Tuesday, October 23rd 2012, 7:19AM
by Russell Hutchinson
While some people talk of advisers getting astronomical rates of commission there is almost no-one that does, or it happens only very rarely.
High headline numbers often ignore all the parts of the premium that don’t count, or get paid commission at a lower rate. I keep a detailed database of commission terms, and I am familiar with the actual levels of payment, so I know it’s a bit like the top end of the speedometer on my car – a theoretical possibility that has never actually been reached.
This is just one of a number of commission myths. I think my favourite is the line pushed by consumer ‘advocates’ that ‘you should go direct because otherwise you have to pay an agent commission’ – which completely ignores the simple fact, discoverable with about 10 minutes price comparison online, that some of the most expensive offers and ‘direct’, and some of the cheapest are offered by advisers.
So in amongst all the puff and nonsense what is going on in the world of insurance commission and what should you do about it?
Over the past year we have seen a number of insurers adopt the non-commissionable policy fee. This has helped insurers to maintain a high ‘headline’ number for commissions while keeping the actual average commission about the same as it was before.
Most advisers appear to be unconcerned by the change. It has come at the same time as a number of other additions – share schemes, increases in income protection commissions, and continuing company support for adviser groups. So overall there has been little or no change – or perhaps a slight increase.
Of more note is the reference to conflicts of interest in general and commissions specifically in materials published by the FMA.
They want to see conflicts of interest declared clearly to consumers – it helps to reduce their effect on the purchase process. Authorised Financial Advisers have specific requirements to meet from the Code. Registered Financial Advisers are, according to the FMA’s view in their recent ‘care, diligence, and skill examples’ also required to declare in writing how they are paid and detail conflicts of interest.
The great challenge here will be to prove that the individual recommendation you made was not influenced by money matters.
That can be addressed in a number of ways. The first is to have a robust selection process which is clearly defined, easy to replicate, and is documented. Any questions will easily be proven by reference to the file. Similar cases would result in the same recommendations.
Another step or choice is to achieve effective commission equalisation: if you run a team pay members of the team an equalised rate across all companies, ‘overs’ or ‘surplus’ commission can be used to fund other activities or placed in the end of year bonus pool.
Even if you are on your own, you could achieve something similar with a careful review of your main companies and their terms.

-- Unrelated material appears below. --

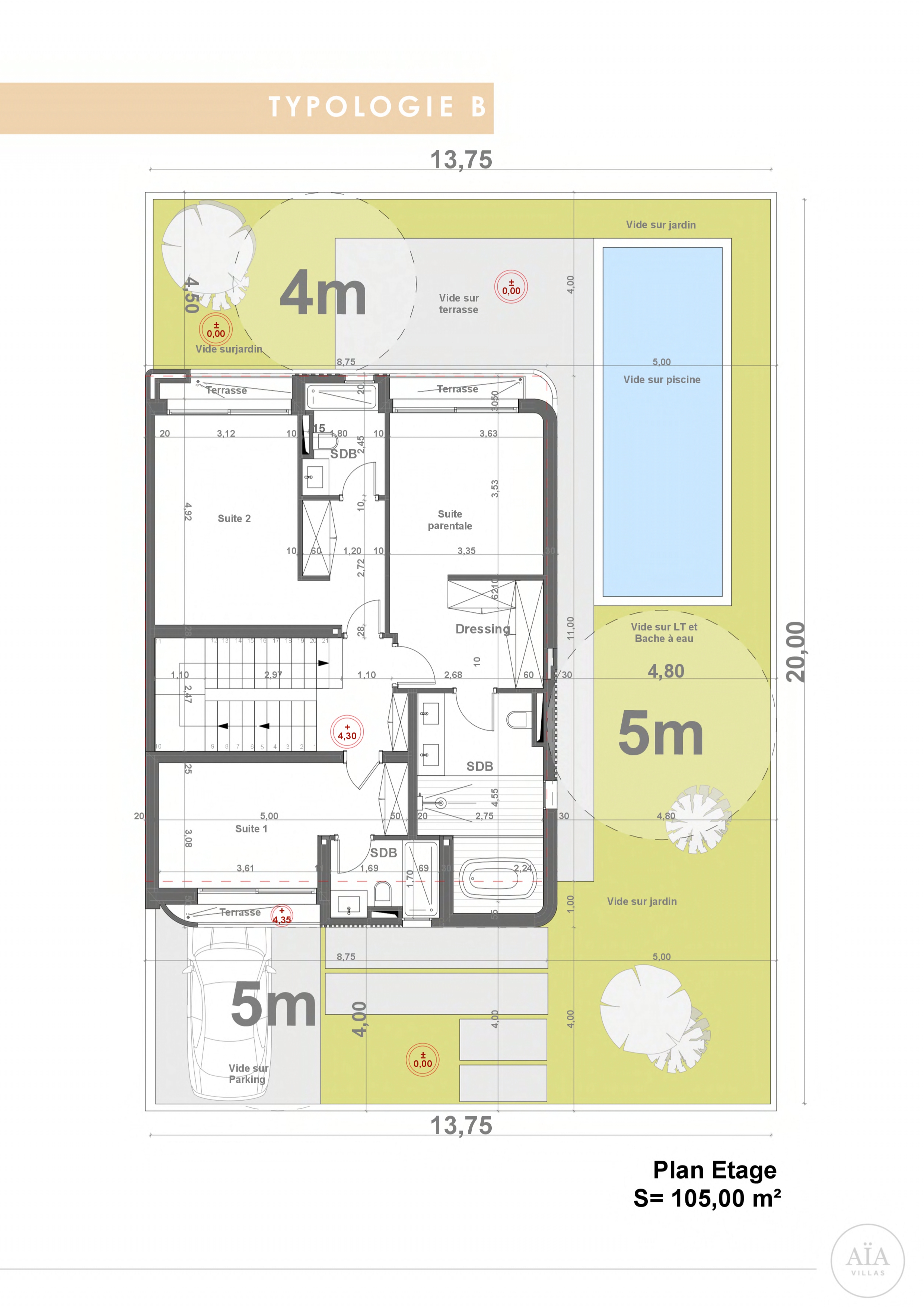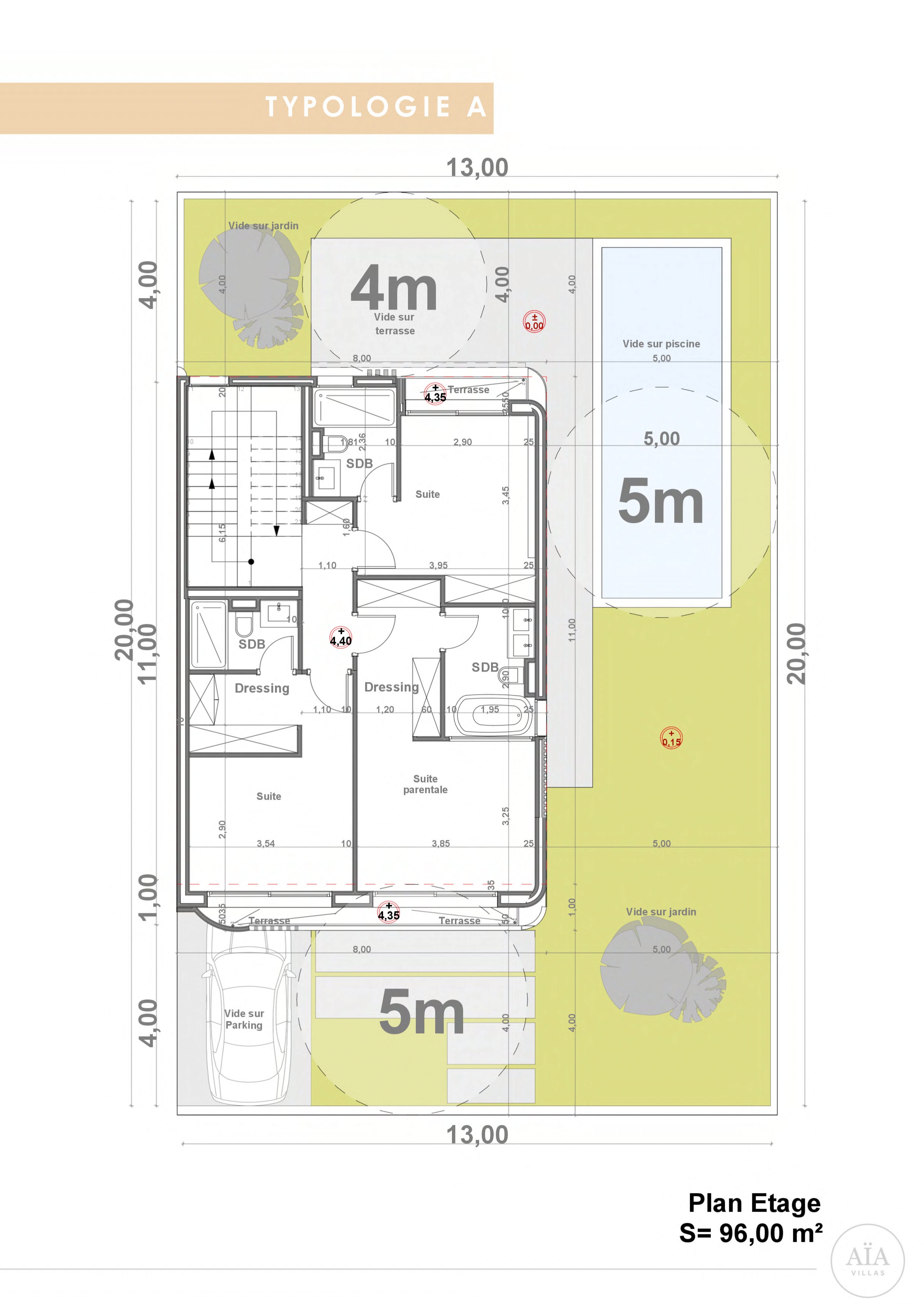 Chaque villa bénéficie d'une grande parcelle avec murs de clôture

There will certainly be arguments about whether non-financial (soft commissions) are more dangerous and conflict-inducing than purely financial incentives.
You may need to consider that in your disclosure. Certainly some advisers will opt for cashing up non-financial incentives. Others will retain them – but will manage carefully to ensure that their product selection process is not compromised by an overwhelming desire to ‘make the trip’.
Once you have conducted a thorough review of practice, go back and read what the FMA has to say about disclosure again and rewrite your commission disclosure.